* _What to produce_: Nothing but an exact copy is asked for: the lines in the material below from the one with "With a shaped" through the one with "写真の彼は自分が独立してから", pictures excluded.
◆ ◆ ◆ ◆ ◆
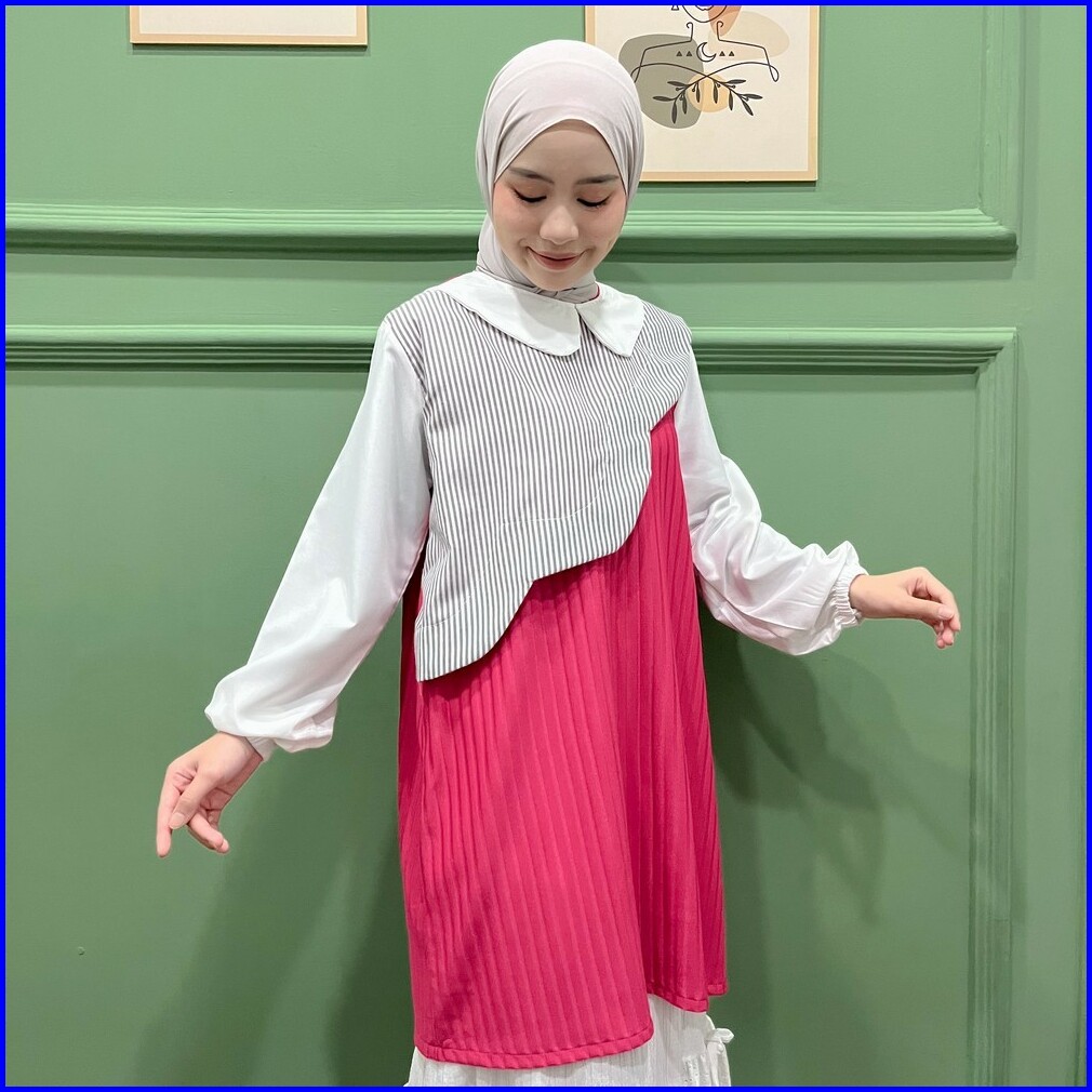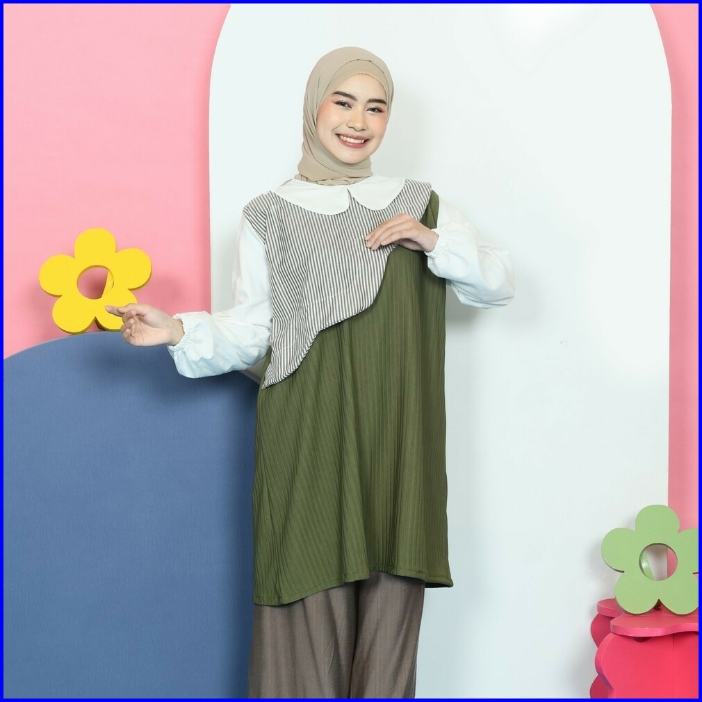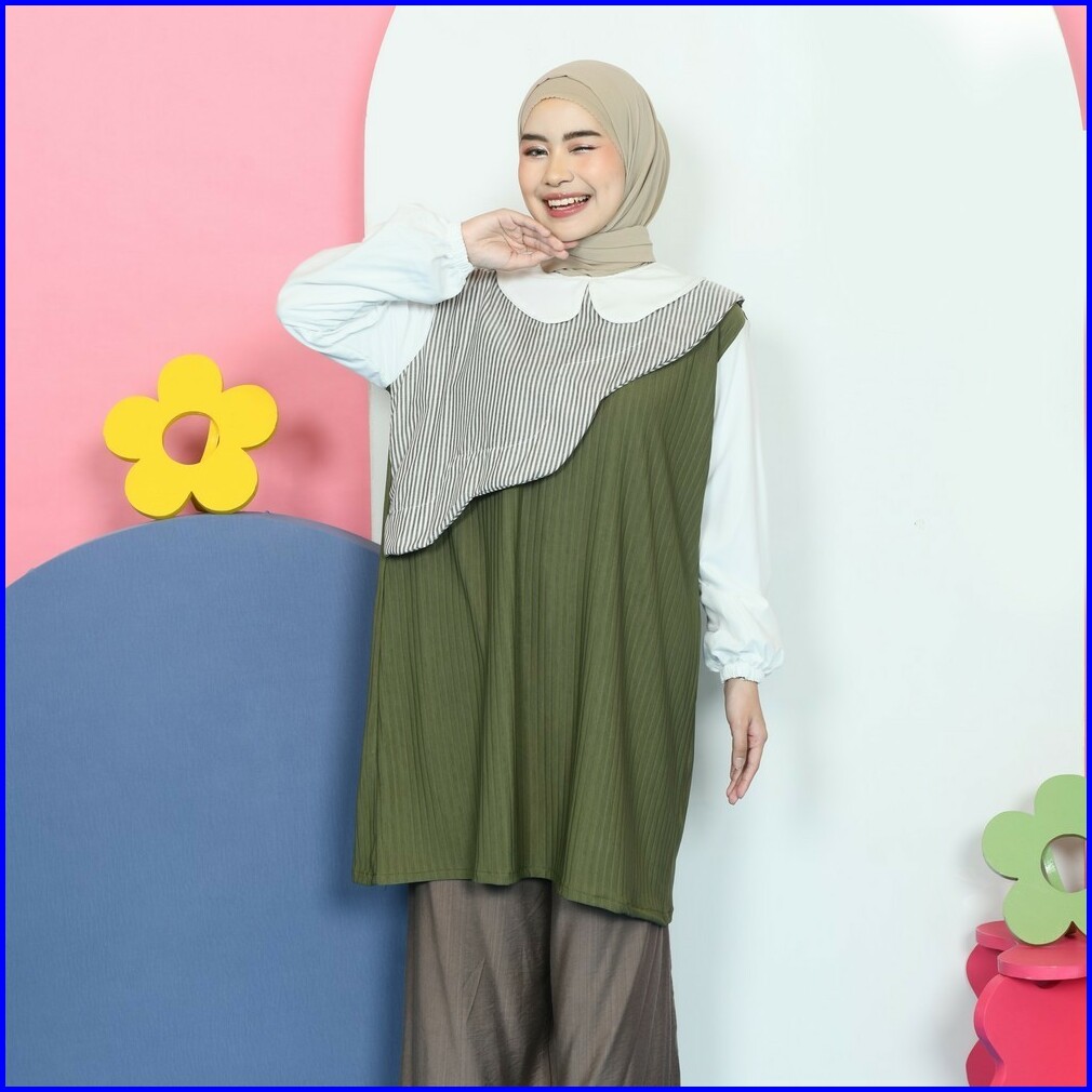 Mybamus Callope Tunik Knit Kombinasi Stripe Tunic Salur Kekinian Wanita Casual
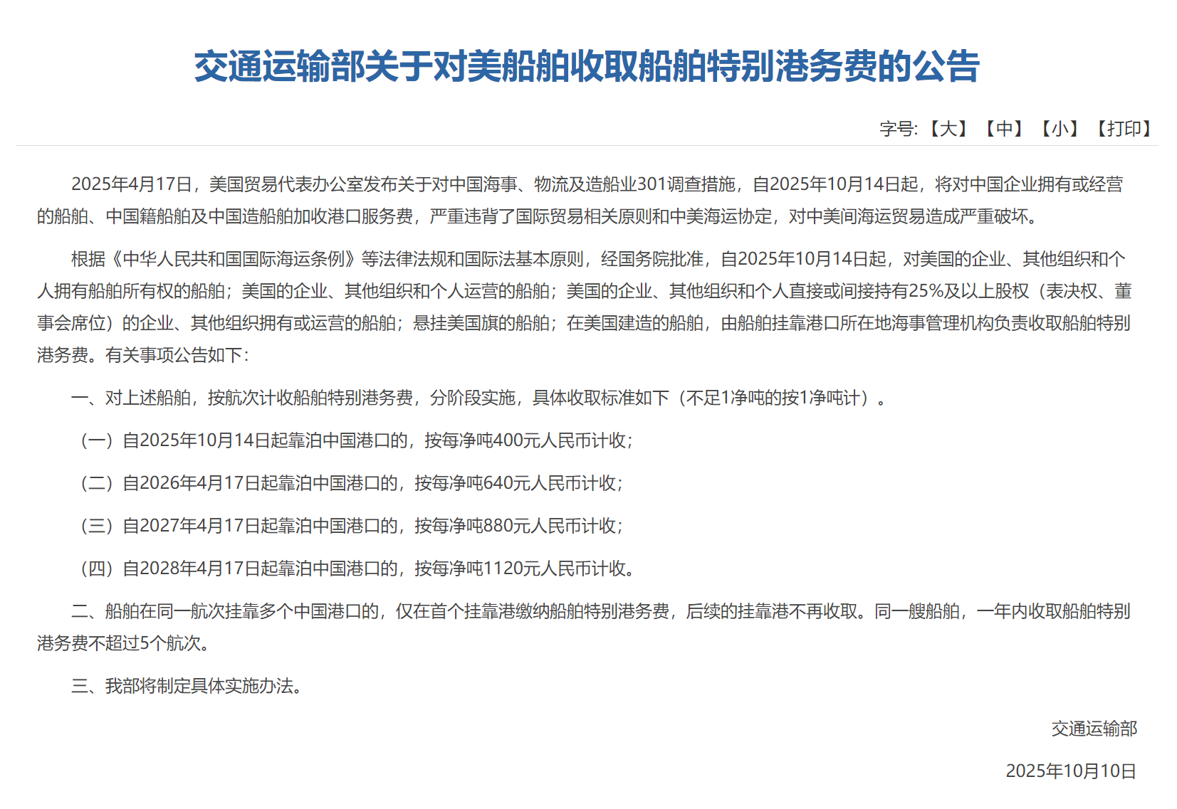 10月10日,交通運(yùn)輸部發(fā)布《交通運(yùn)輸部關(guān)于對美船舶收取船舶特別港務(wù)費(fèi)的公告》(以下簡稱《公告》),決定將于10月14日起對涉美船舶收取船舶特別港務(wù)費(fèi)。
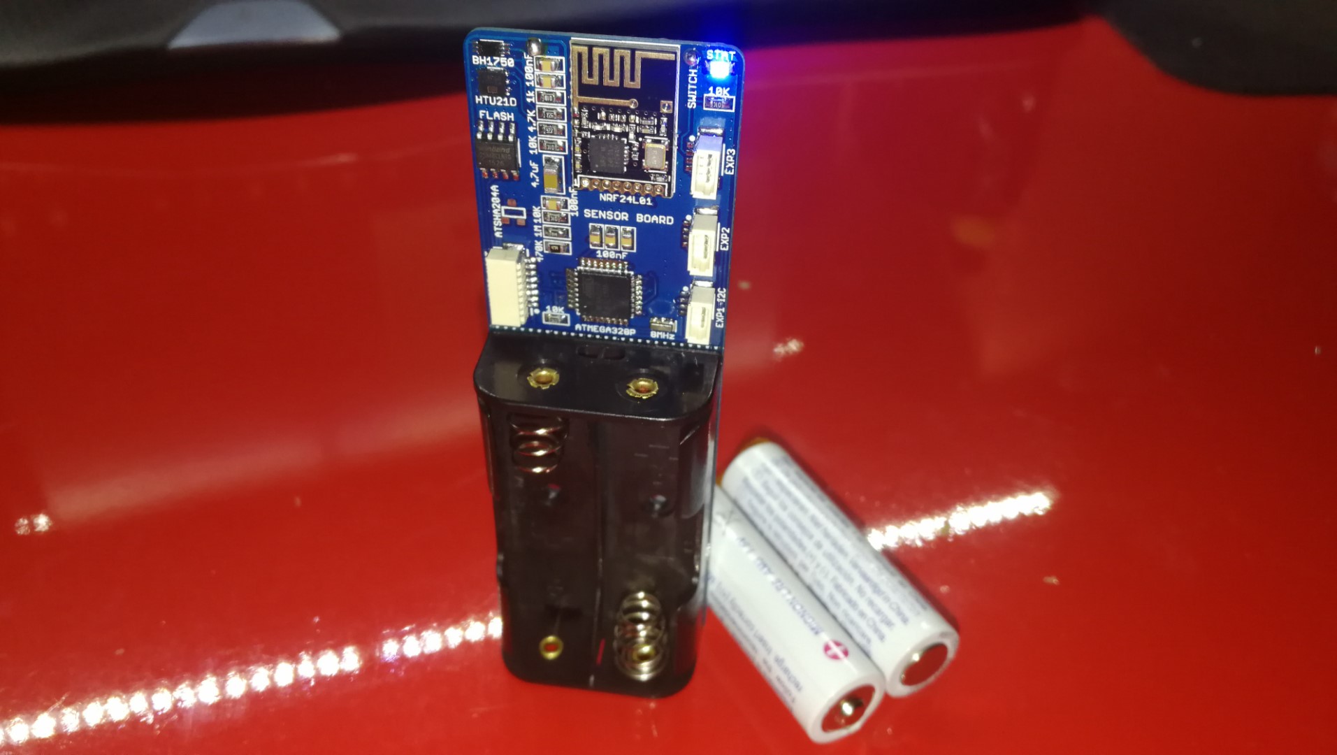 It is a sensor powered by 2 AA batteries or 1 CR2032 battery, it integrates a temperature, humidity and light sensor. It also has two pins for a magnetic push-button in crystal housing and 3 expansion connectors.
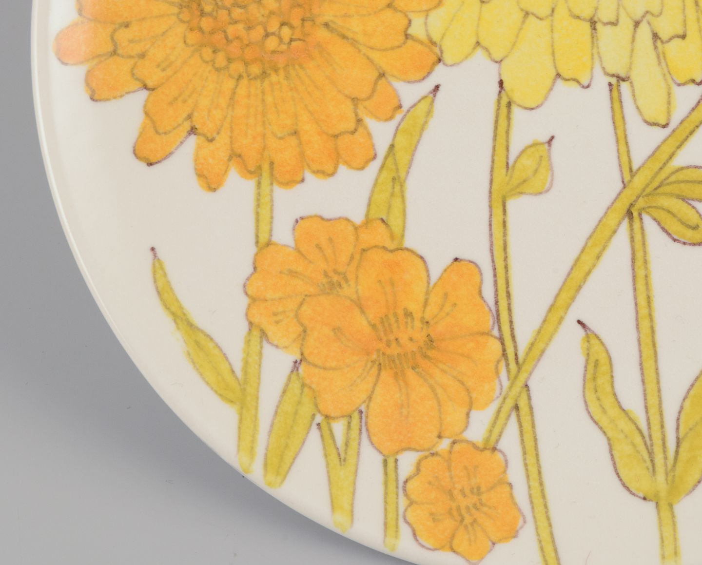 Ernestine Salerno, Italy. A set of five ceramic plates. Hand-painted with sunflowers.
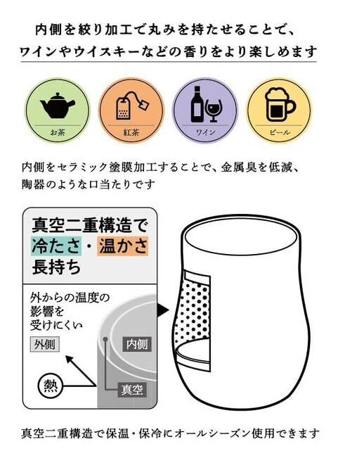 このタンブラーは、真空二重構造により飲み物の温度を長時間保持します。温かいコーヒーや冷たいビールを楽しむ際に、最適な温度を維持し、利便性を高めます。また、表面が結露しないため、持ちやすく、安心して使用できます。
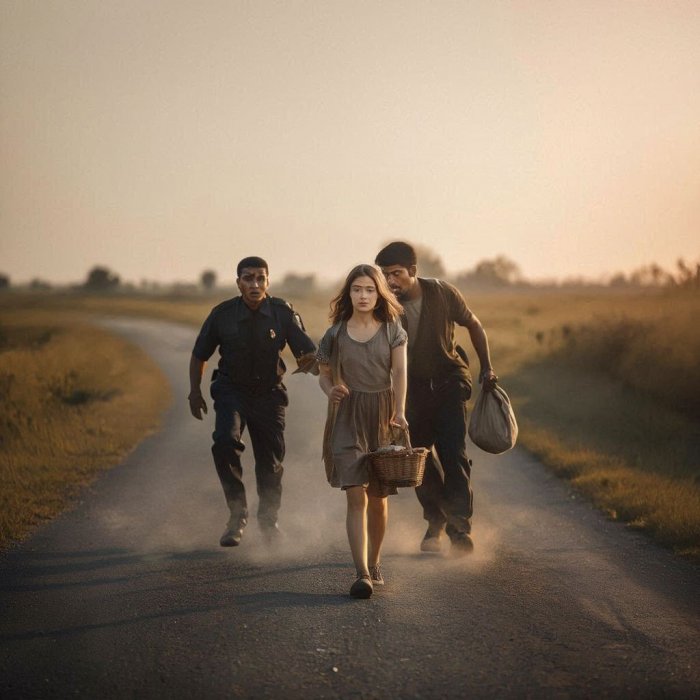 Ozloglašeni razbojnik bio je zamalo uhvaćen na delu od strane policajca. Sa plenom u ruci, počeo je da beži, a policajac se dao u poteru za njim. Tek što su pretrčali nekoliko stotina metara, kad ugledaše pred sobom lepu devojku kako sama šeta cestom. Policajac samo što nije ščepao razbojnika, ali čim je spazio devojku ukopao se u mestu poput kipa. I razbojnik je bio privučen devojkom, pa se i on zaustavio u mestu, par metara dalje od policajca. Devojka je samo bacila pogled na obojicu, i odšetala dalje. Čim je izašla iz njihovog vidokruga, policajac se iznenada setio da juri razbojnika, a ovaj je shvatio da mu je policajac za petama. Ponovo počeše da trče, ali snaga hajke se izgubila; razbojnik je umakao.
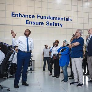 10月6日,多國駐肯使節在肯尼亞內羅畢的蒙內鐵路內羅畢站調度中心參觀(guān)。
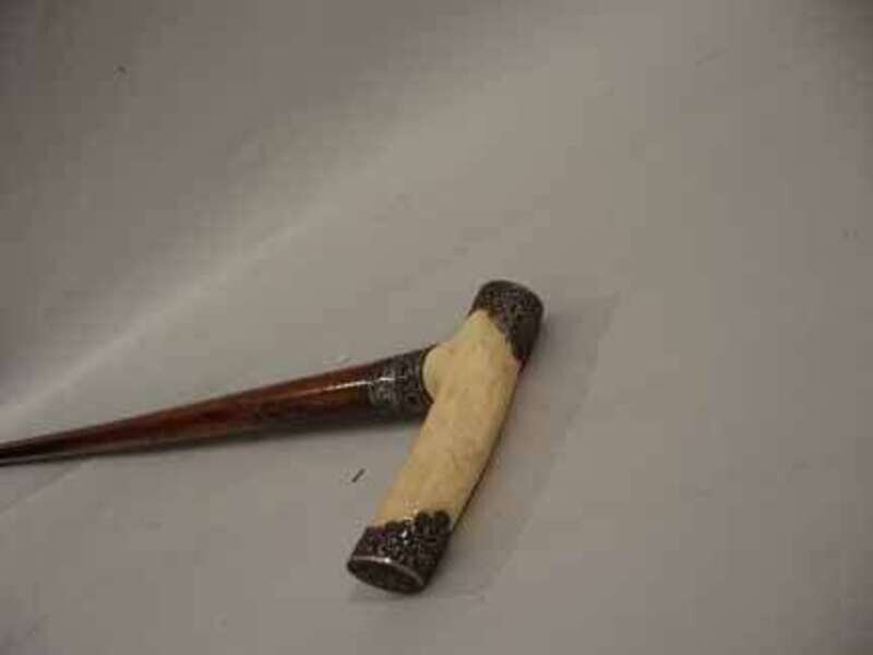 With a shaped ivory handle terminated at both ends with a pressed silver cap, leading to a pressed silver collar decorated with foliate scrolling leaves and flowers, the malacca stick of straight tapering form.
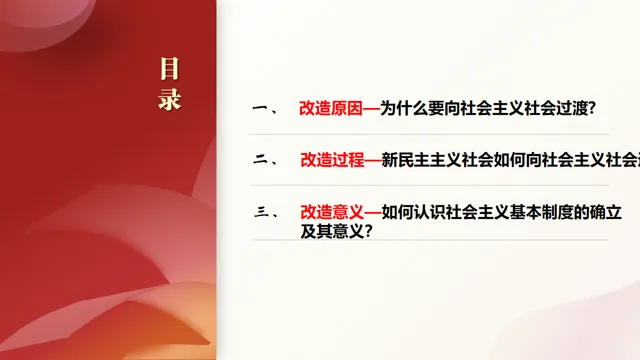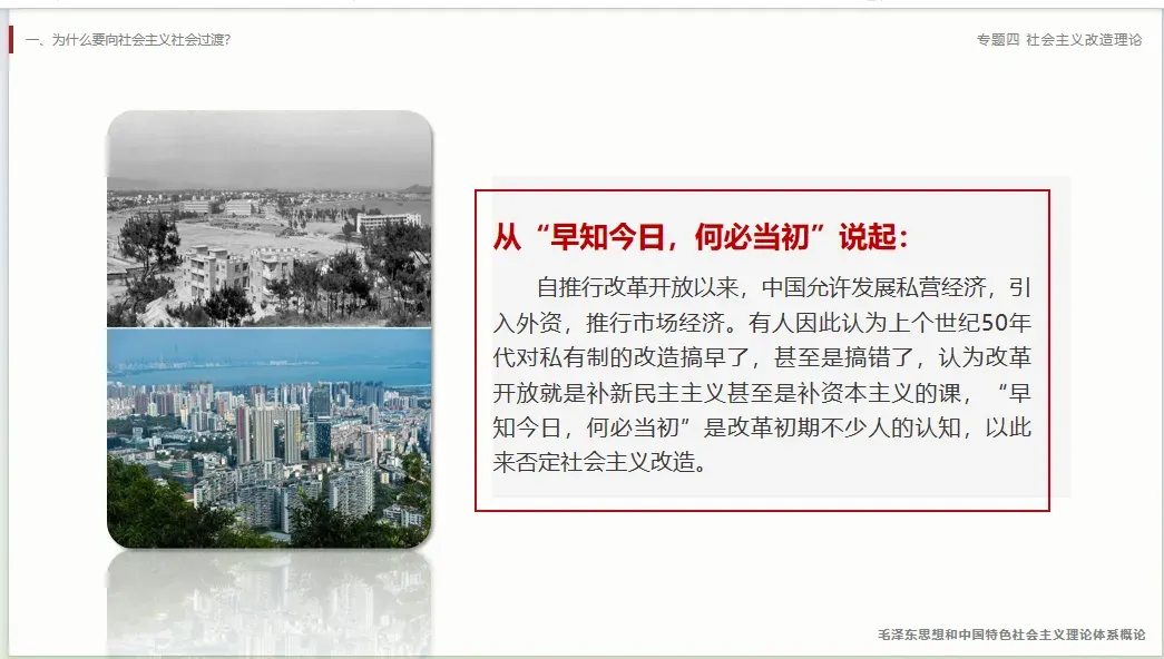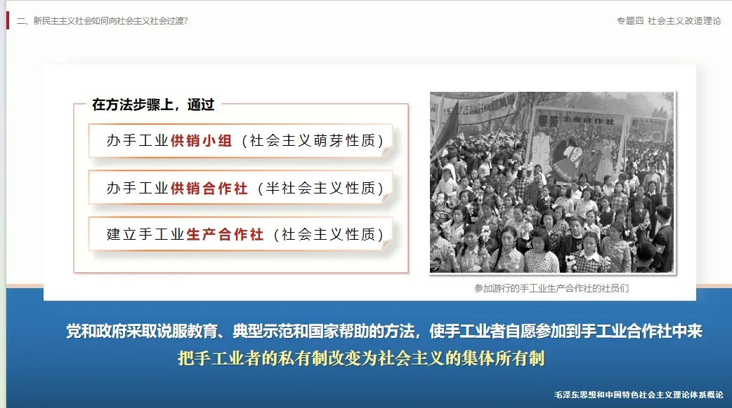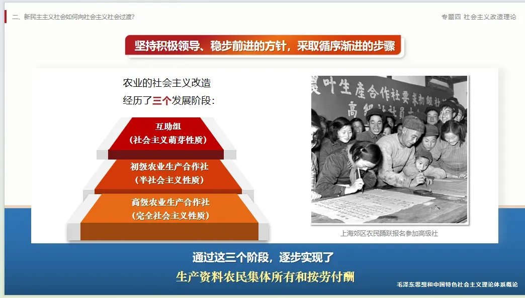 专题第三章社会主义改造理论(案例持续更新中,课件+稿子+视频),共3.1万字,167页PPt。工作室有新思想、共同体概论、国家安全教育、毛中特、马原、史纲、德法等逐字稿和说课稿,可定制比赛课件PPt,论文、课题、微课等内容。需要完整版,可以添加微信qingjiaosizheng999
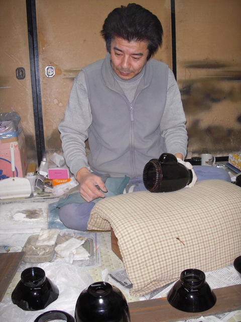 写真の彼は自分が独立してからおつきあいをさせていただいている職人さんで、細かな対応にも応じてくれる腕の良い呂色職人さんです。
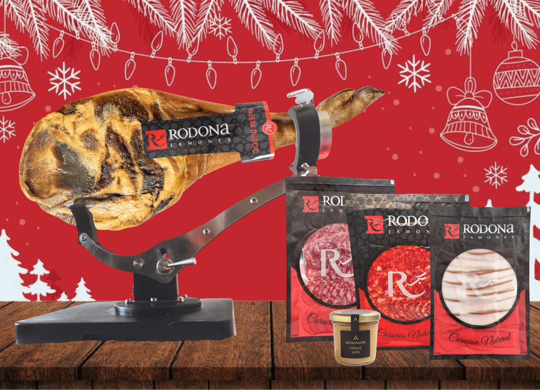 Lote 4 Jamones Rodona: paleta duroc y embutidos ibéricos gourmet.
◆ ◆ ◆ ◆ ◆
* _Written response_:
 With a shaped ivory handle terminated at both ends with a pressed silver cap, leading to a pressed silver collar decorated with foliate scrolling leaves and flowers, the malacca stick of straight tapering form.
 专题第三章社会主义改造理论(案例持续更新中,课件+稿子+视频),共3.1万字,167页PPt。工作室有新思想、共同体概论、国家安全教育、毛中特、马原、史纲、德法等逐字稿和说课稿,可定制比赛课件PPt,论文、课题、微课等内容。需要完整版,可以添加微信qingjiaosizheng999
 写真の彼は自分が独立してからおつきあいをさせていただいている職人さんで、細かな対応にも応じてくれる腕の良い呂色職人さんです。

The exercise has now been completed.